Provided data:

● ● ● ● ●

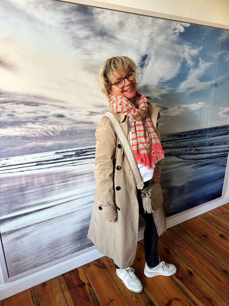 Bevor der von mir für mich gesetzte Zeitraum für Leinenblusen zu Ende geht, trage ich heute auf dem Weg zurück ins andere Zuhause meine enge Jeans und ein beiges Leinenhemd. Dazu gibt es die beigen Sneaker mit dem wilden Design. Und gegen die Frische den Trenchcoat.
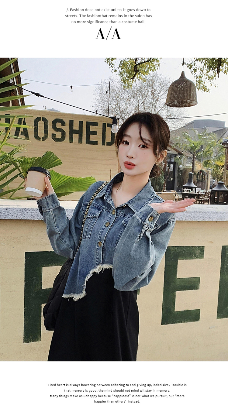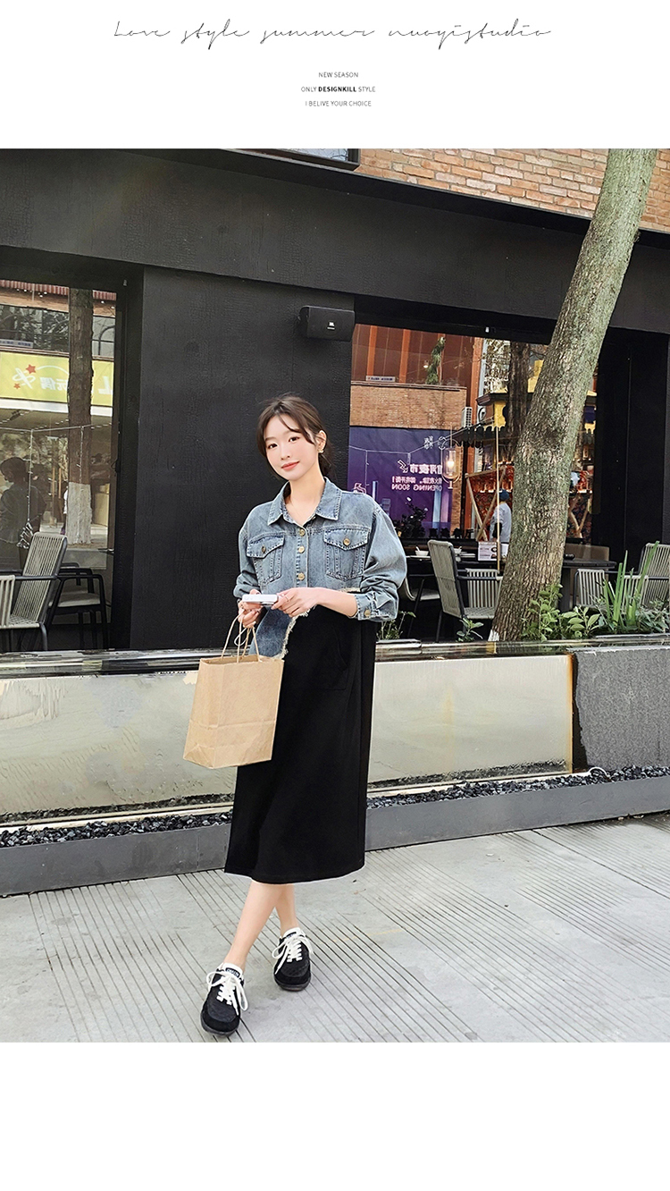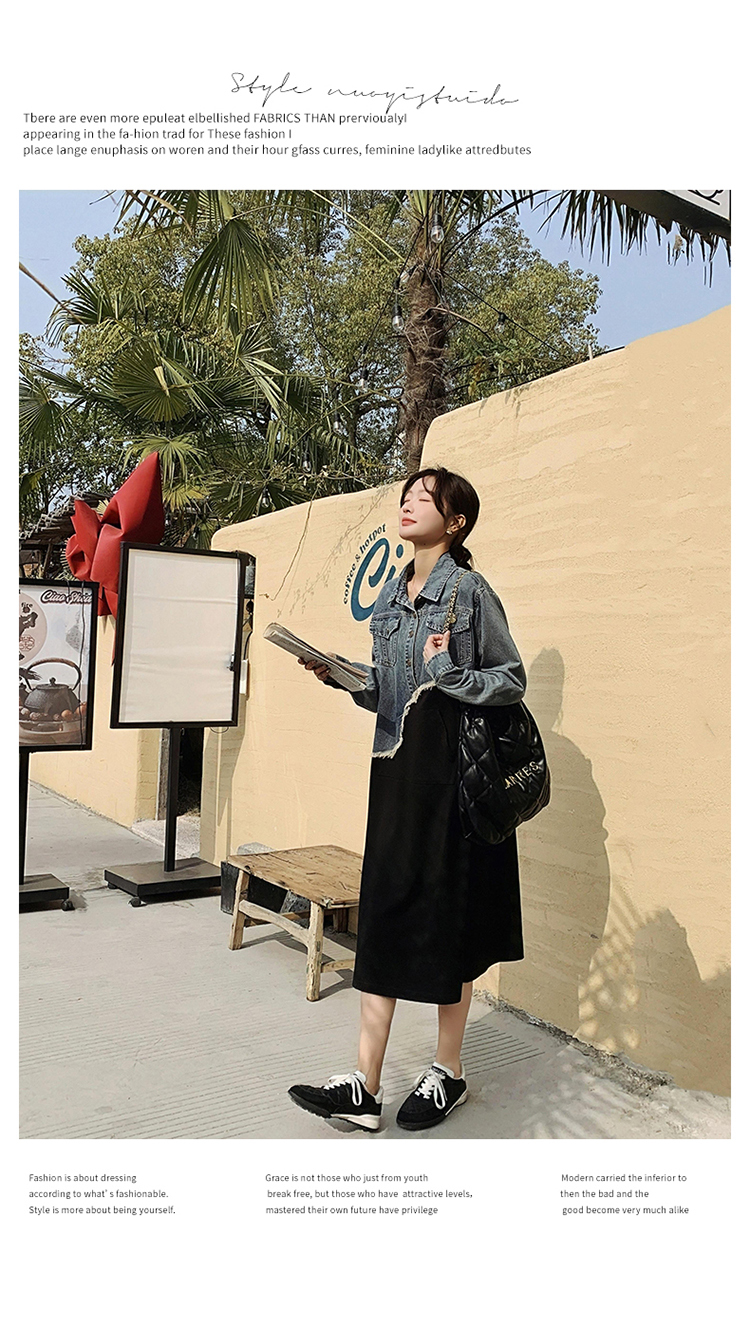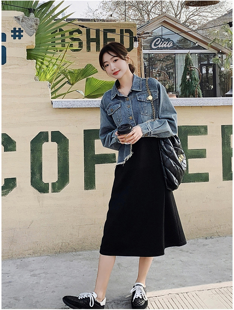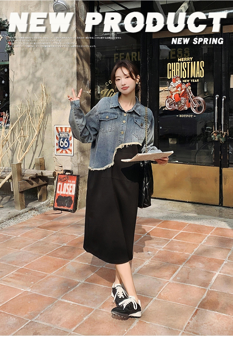 獨家訂製│韓系甜酷風拼接刷毛邊牛仔造型連衣裙(03H6111)
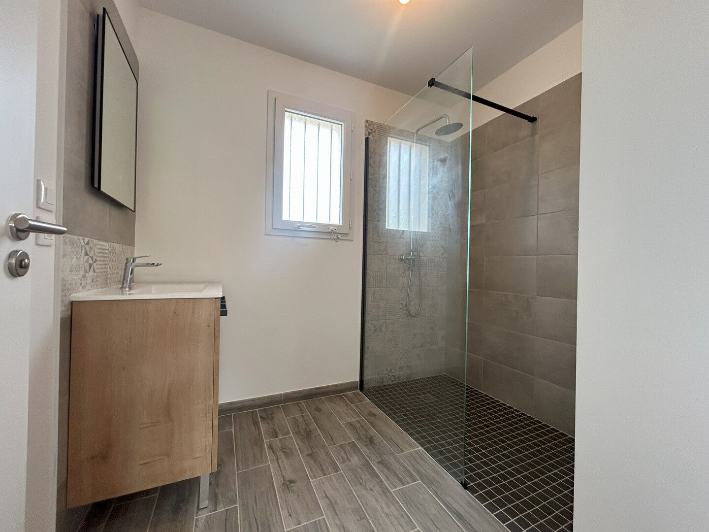 Séjour lumineux avec cuisine aménagée et équipée (plaque, hotte,) 3 chambres, une salle d'eau avec douche à l'italienne et wc indépendants.

● ● ● ● ●

Task:
Verbatim output, no pictures: the line holding "獨家訂製│韓系甜酷風拼接刷毛邊牛仔造型連衣裙(03H6111)" and all lines after it through the last line of the material, with nothing else.

Response area:
 獨家訂製│韓系甜酷風拼接刷毛邊牛仔造型連衣裙(03H6111)
 Séjour lumineux avec cuisine aménagée et équipée (plaque, hotte,) 3 chambres, une salle d'eau avec douche à l'italienne et wc indépendants.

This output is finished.